> _WORK REQUIRED_: Skipping each picture, output the entries exactly as they stand below.

[Start of Attachment]

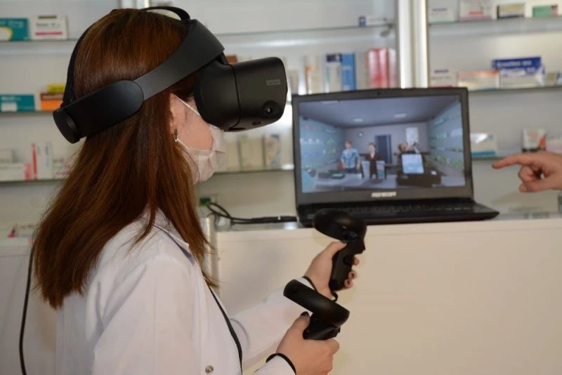 Uygulanan projenin, eğitim gören öğrencilere sanal gerçeklik ortamı kullanılarak deneyim kazandırılması hedeflediğini belirten SODİGEM Müdürü Doç. Dr. Yusuf Levent Şahin, sanal gerçeklikle beraber tehlikeden arındırılmış bir eğitim fırsatı sunulacağını söyledi. Proje hakkında açıklamalarda bulunan Doç. Dr. Şahin, “Bu proje, Anadolu Üniversitesi’nin önemli iki kurumu olan Eğitim Fakültesi ve Eczacılık Fakültesi’nin değerli akademisyenlerinin SODİGEM çatısı altında bir araya gelerek gerçekleştirdiği bir projedir. Öncelikli amaç, Eczacılık Fakültesi’nde öğrenim gören öğrencilerin, sanal gerçeklik ortamını kullanarak çeşitli anlamlarda mesleki deneyim kazanmalarına yöneliktir. Kısa sürede önemli bir ilerleme kaydettiğimiz projede özel bir kask takarak sanal ortama adım atan öğrenci, kendisini çevresiyle etkileşimde bulunabileceği eczane ya da hastane gibi bir ortamda bulmaktadır. Eczacılık Fakültesi’nin öğretim üyeleri tarafından tasarlanan bu ortam, gerçek hayata oldukça yakın bir deneyim sunmaktadır. Böylece eczacılık eğitiminde yer alması gereken birçok deneyim, oldukça ekonomik ve tehlikelerden arındırılmış olarak sunulabilmektedir. Ayrıca bu teknoloji, söz konusu deneyimi zamandan ve mekândan bağımsız hale getirmektedir” ifadelerini kullandı.
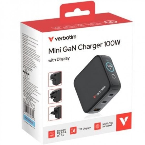 Mini cargador GaN Verbatim de 100 W con pantalla
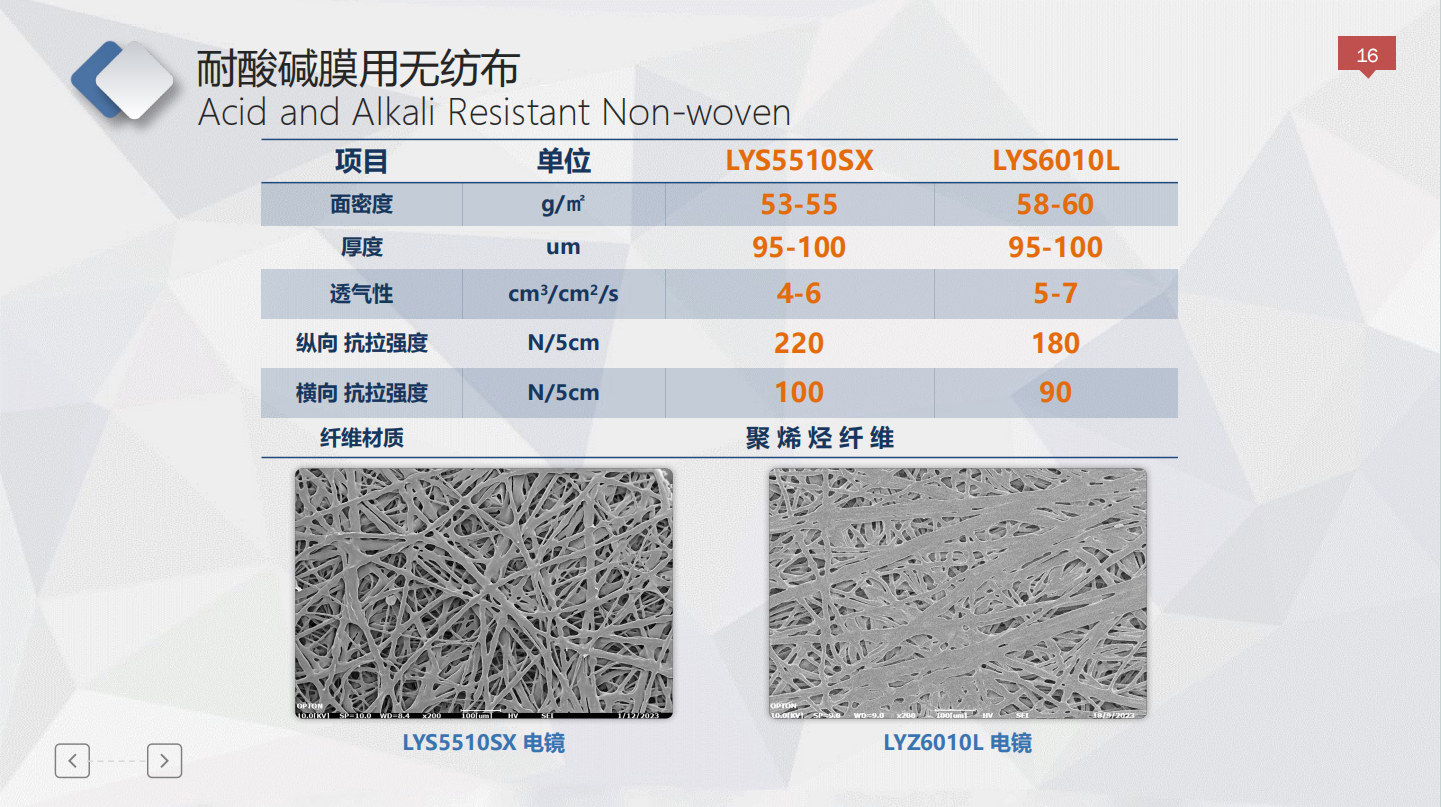 本公司生产无纺布,广泛应用于工业、家用反渗透膜、纳滤膜、超滤膜、mbr平板膜及电渗析领域,可年产各类水处理膜无纺布1000万㎡。
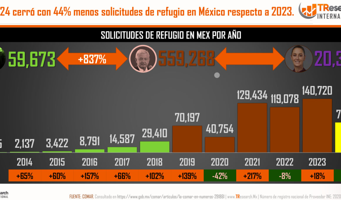 México registró en 2024 un total de 78,975 solicitudes de refugio, lo que representa una caída del 44% respecto a 2023,…
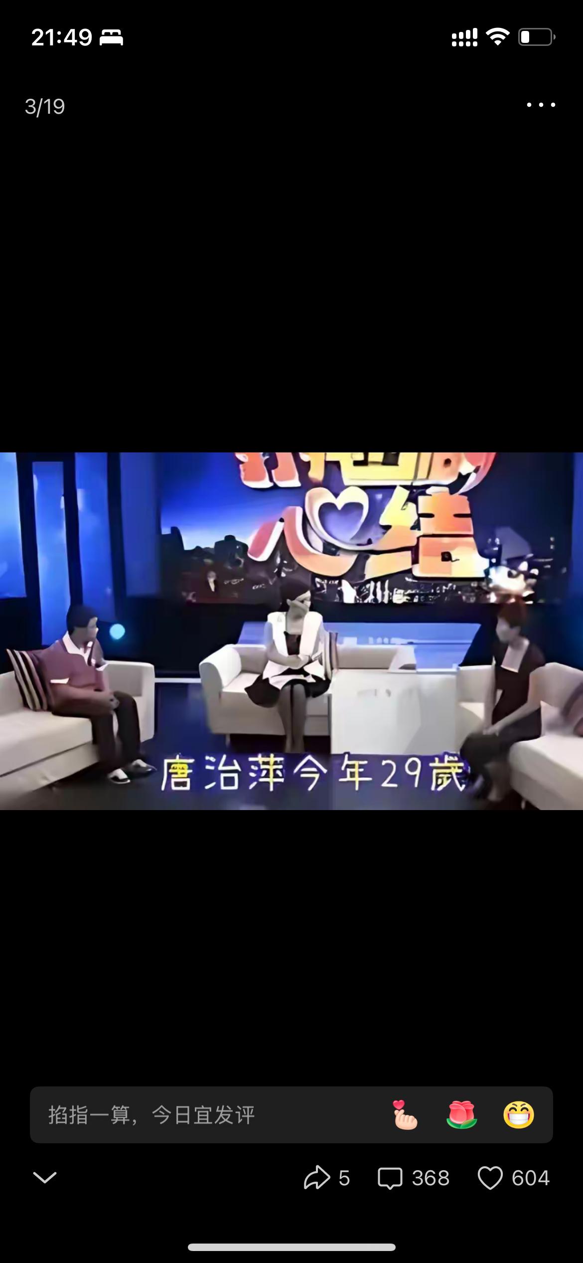 2019年秋季,唐治萍在一档相亲节目里成了焦点。她穿着黑裙、踩着高跟鞋登场,宣称
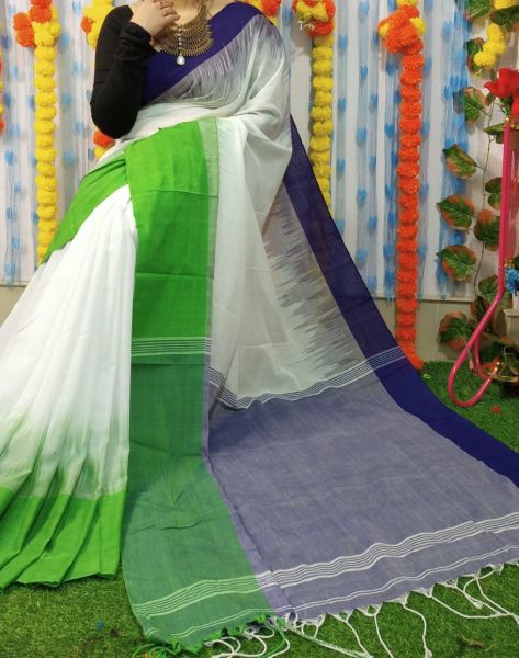 1 month, 4 weeks agoProduct published : White Green Blue Pure Handloom Cotton Saree From Bengal
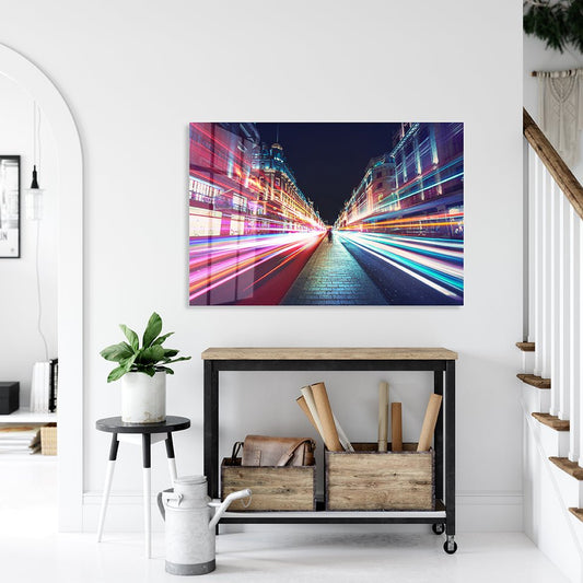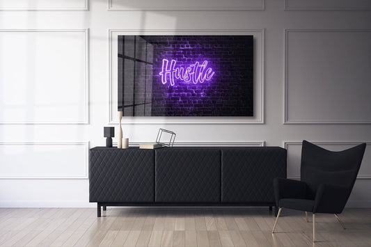 Inspirational Motivational Word Hustle in Purple Neon Light on Brick Wall
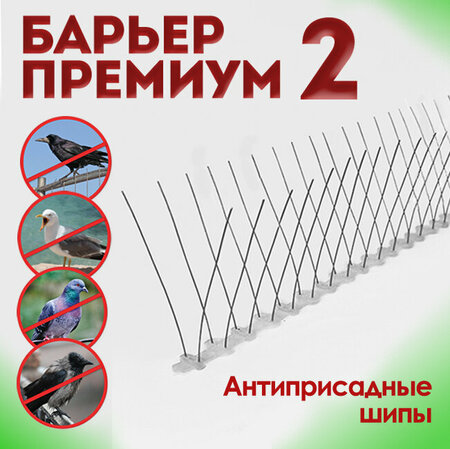 Шипы противоприсадные «барьер-премиум 2»- экономичная И эффективная защита от пернатых. Что это? Простое, но незаменимое приспособление для защиты от птиц. Не позволяет птицам садиться, обустраивать гнезда, кучковаться или испражняться на подоконники, декоративные элементы фасадов зданий, крыши домов, уличные фонари, камеры видеонаблюдения, внешние блоки кондиционеров, рекламные вывески и. т. д. После установки шипов птицы некоторое время могут подлетать к привычным местам, но из-за невозможности туда сесть в итоге они навсегда покинут защищенный объект. У птиц привыкания к шипам (в отличии от других возможных средств) не происходит, поэтому защита противоприсадными шипами - это защита раз и навсегда! Как работает: На основании из специального гибкого пластика, размещены в три ряда металлические шипы. Шипы направлены в обе стороны. Они сделаны из прочной пружинной стали, которая достаточно жесткая, чтобы выдержать вес любой птицы и сильно не прогибаться. После того, как птица перестаёт пытаться сесть на шипы, они мгновенно возвращаются в свою исходную форму. Из-за полупрозрачного основания шипы почти не видны со стороны улицы и не портят внешний вид фасада. Как ими пользоваться: Шипы можно установить с одним из следующих типов крепления: клей — на пластик, гвозди — на дерево, саморезы — на камень. При необходимости конструкцию можно согнуть (радиус закругления — не менее 10 см). Одна секция способна закрыть собой от птиц участок 50х22 см. Способ соединения секций по принципу пазла позволит защитить поверхность любой длинны просто установкой дополнительных секций. Можно даже создать защитный периметр любой подходящей формы и размеров. Особенности и преимущества противоприсадных шипов «Барьер-Премиум 2»: Удлиненная высота шипов - 13 см, позволяет защищать поверхность от любых видов птиц; Увеличенное количество игл на секции - 40 шт; Защита участка 50х22 см; Гибкое основание позволяет защищать даже неровные поверхности; Гибкие шипы не дают возможность птицам сесть на них; Отсутствие необходимости обслуживания; Простота установки; Почти полная незаметность благодаря прозрачному основанию.

[End of Attachment]

> _SOLUTION BELOW_:
 Uygulanan projenin, eğitim gören öğrencilere sanal gerçeklik ortamı kullanılarak deneyim kazandırılması hedeflediğini belirten SODİGEM Müdürü Doç. Dr. Yusuf Levent Şahin, sanal gerçeklikle beraber tehlikeden arındırılmış bir eğitim fırsatı sunulacağını söyledi. Proje hakkında açıklamalarda bulunan Doç. Dr. Şahin, “Bu proje, Anadolu Üniversitesi’nin önemli iki kurumu olan Eğitim Fakültesi ve Eczacılık Fakültesi’nin değerli akademisyenlerinin SODİGEM çatısı altında bir araya gelerek gerçekleştirdiği bir projedir. Öncelikli amaç, Eczacılık Fakültesi’nde öğrenim gören öğrencilerin, sanal gerçeklik ortamını kullanarak çeşitli anlamlarda mesleki deneyim kazanmalarına yöneliktir. Kısa sürede önemli bir ilerleme kaydettiğimiz projede özel bir kask takarak sanal ortama adım atan öğrenci, kendisini çevresiyle etkileşimde bulunabileceği eczane ya da hastane gibi bir ortamda bulmaktadır. Eczacılık Fakültesi’nin öğretim üyeleri tarafından tasarlanan bu ortam, gerçek hayata oldukça yakın bir deneyim sunmaktadır. Böylece eczacılık eğitiminde yer alması gereken birçok deneyim, oldukça ekonomik ve tehlikelerden arındırılmış olarak sunulabilmektedir. Ayrıca bu teknoloji, söz konusu deneyimi zamandan ve mekândan bağımsız hale getirmektedir” ifadelerini kullandı.
 Mini cargador GaN Verbatim de 100 W con pantalla
 本公司生产无纺布,广泛应用于工业、家用反渗透膜、纳滤膜、超滤膜、mbr平板膜及电渗析领域,可年产各类水处理膜无纺布1000万㎡。
 México registró en 2024 un total de 78,975 solicitudes de refugio, lo que representa una caída del 44% respecto a 2023,…
 2019年秋季,唐治萍在一档相亲节目里成了焦点。她穿着黑裙、踩着高跟鞋登场,宣称
 1 month, 4 weeks agoProduct published : White Green Blue Pure Handloom Cotton Saree From Bengal
 Inspirational Motivational Word Hustle in Purple Neon Light on Brick Wall
 Шипы противоприсадные «барьер-премиум 2»- экономичная И эффективная защита от пернатых. Что это? Простое, но незаменимое приспособление для защиты от птиц. Не позволяет птицам садиться, обустраивать гнезда, кучковаться или испражняться на подоконники, декоративные элементы фасадов зданий, крыши домов, уличные фонари, камеры видеонаблюдения, внешние блоки кондиционеров, рекламные вывески и. т. д. После установки шипов птицы некоторое время могут подлетать к привычным местам, но из-за невозможности туда сесть в итоге они навсегда покинут защищенный объект. У птиц привыкания к шипам (в отличии от других возможных средств) не происходит, поэтому защита противоприсадными шипами - это защита раз и навсегда! Как работает: На основании из специального гибкого пластика, размещены в три ряда металлические шипы. Шипы направлены в обе стороны. Они сделаны из прочной пружинной стали, которая достаточно жесткая, чтобы выдержать вес любой птицы и сильно не прогибаться. После того, как птица перестаёт пытаться сесть на шипы, они мгновенно возвращаются в свою исходную форму. Из-за полупрозрачного основания шипы почти не видны со стороны улицы и не портят внешний вид фасада. Как ими пользоваться: Шипы можно установить с одним из следующих типов крепления: клей — на пластик, гвозди — на дерево, саморезы — на камень. При необходимости конструкцию можно согнуть (радиус закругления — не менее 10 см). Одна секция способна закрыть собой от птиц участок 50х22 см. Способ соединения секций по принципу пазла позволит защитить поверхность любой длинны просто установкой дополнительных секций. Можно даже создать защитный периметр любой подходящей формы и размеров. Особенности и преимущества противоприсадных шипов «Барьер-Премиум 2»: Удлиненная высота шипов - 13 см, позволяет защищать поверхность от любых видов птиц; Увеличенное количество игл на секции - 40 шт; Защита участка 50х22 см; Гибкое основание позволяет защищать даже неровные поверхности; Гибкие шипы не дают возможность птицам сесть на них; Отсутствие необходимости обслуживания; Простота установки; Почти полная незаметность благодаря прозрачному основанию.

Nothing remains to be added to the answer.